Material for this task:
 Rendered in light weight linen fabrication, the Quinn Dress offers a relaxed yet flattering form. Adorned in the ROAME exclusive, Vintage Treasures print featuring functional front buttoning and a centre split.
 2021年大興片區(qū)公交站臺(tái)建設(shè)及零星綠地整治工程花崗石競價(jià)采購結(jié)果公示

* * *

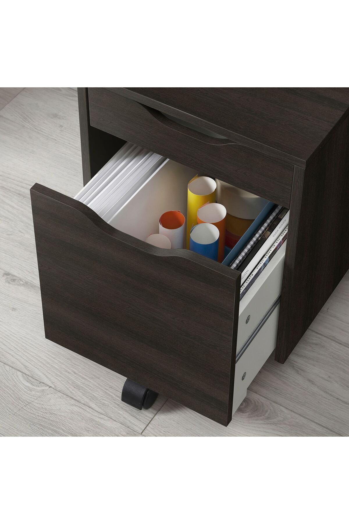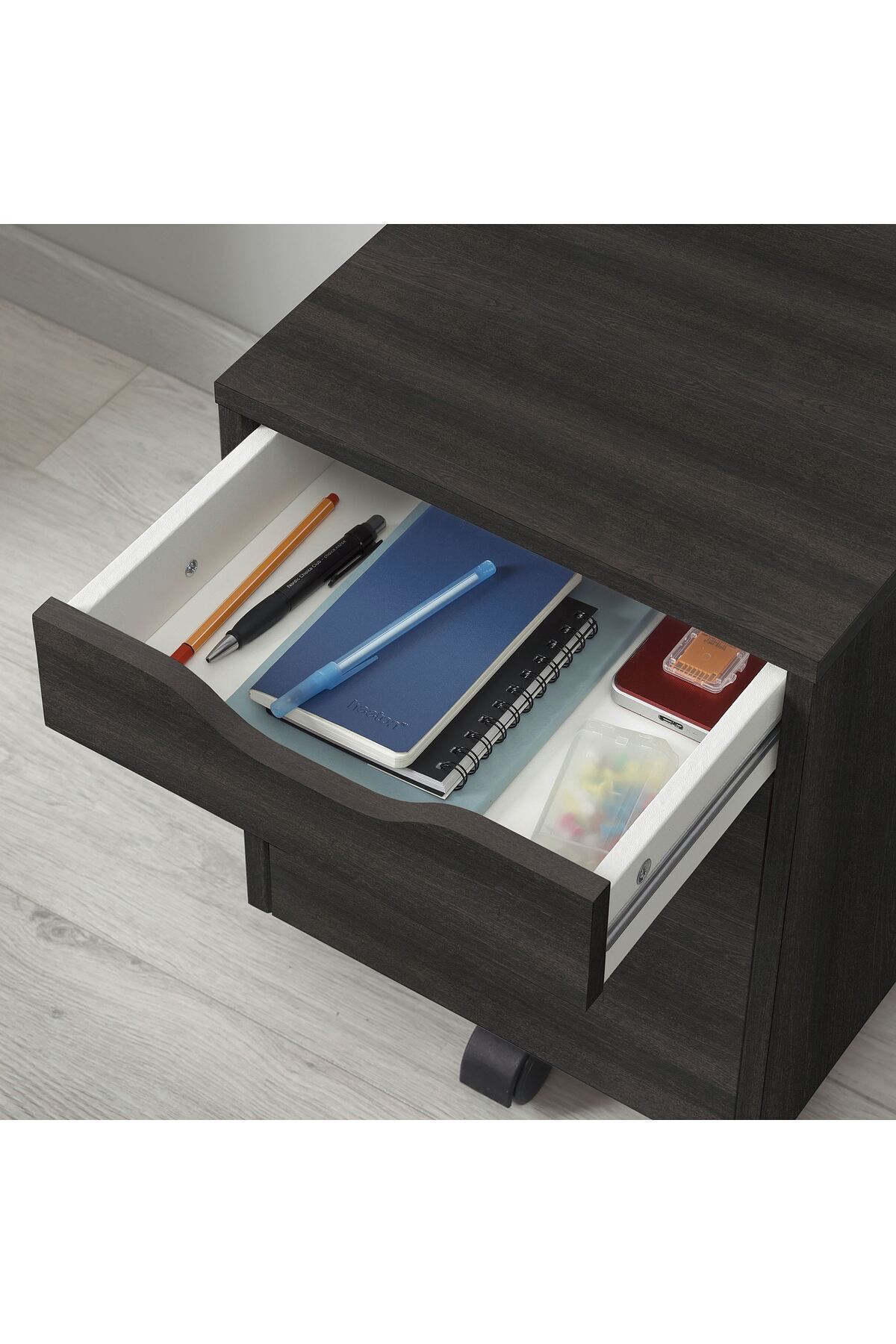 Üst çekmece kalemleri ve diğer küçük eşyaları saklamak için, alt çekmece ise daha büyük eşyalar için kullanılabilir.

...

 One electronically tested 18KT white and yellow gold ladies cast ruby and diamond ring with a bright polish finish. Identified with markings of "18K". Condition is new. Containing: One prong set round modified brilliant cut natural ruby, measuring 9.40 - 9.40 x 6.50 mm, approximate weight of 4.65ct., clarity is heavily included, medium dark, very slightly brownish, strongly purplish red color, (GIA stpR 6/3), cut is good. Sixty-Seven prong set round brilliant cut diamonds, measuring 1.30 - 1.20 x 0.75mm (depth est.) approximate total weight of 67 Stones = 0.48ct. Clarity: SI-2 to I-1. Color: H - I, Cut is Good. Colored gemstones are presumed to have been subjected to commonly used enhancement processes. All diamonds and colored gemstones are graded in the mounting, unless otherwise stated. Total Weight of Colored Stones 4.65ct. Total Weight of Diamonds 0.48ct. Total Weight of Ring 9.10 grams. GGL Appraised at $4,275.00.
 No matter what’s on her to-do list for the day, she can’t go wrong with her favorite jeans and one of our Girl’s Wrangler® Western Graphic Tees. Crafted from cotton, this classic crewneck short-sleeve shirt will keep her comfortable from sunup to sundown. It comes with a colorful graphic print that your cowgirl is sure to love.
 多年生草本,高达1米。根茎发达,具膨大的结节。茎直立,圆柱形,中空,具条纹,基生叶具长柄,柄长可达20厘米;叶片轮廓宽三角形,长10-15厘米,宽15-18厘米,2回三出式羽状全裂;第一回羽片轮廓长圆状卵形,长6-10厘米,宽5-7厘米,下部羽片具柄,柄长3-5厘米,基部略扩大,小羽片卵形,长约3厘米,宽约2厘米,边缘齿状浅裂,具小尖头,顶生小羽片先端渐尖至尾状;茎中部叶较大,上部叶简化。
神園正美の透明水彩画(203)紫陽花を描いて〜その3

Directions: Scan the listing above, and wherever a line holds the string "print", copy that line.

Task solution:
 Rendered in light weight linen fabrication, the Quinn Dress offers a relaxed yet flattering form. Adorned in the ROAME exclusive, Vintage Treasures print featuring functional front buttoning and a centre split.
 No matter what’s on her to-do list for the day, she can’t go wrong with her favorite jeans and one of our Girl’s Wrangler® Western Graphic Tees. Crafted from cotton, this classic crewneck short-sleeve shirt will keep her comfortable from sunup to sundown. It comes with a colorful graphic print that your cowgirl is sure to love.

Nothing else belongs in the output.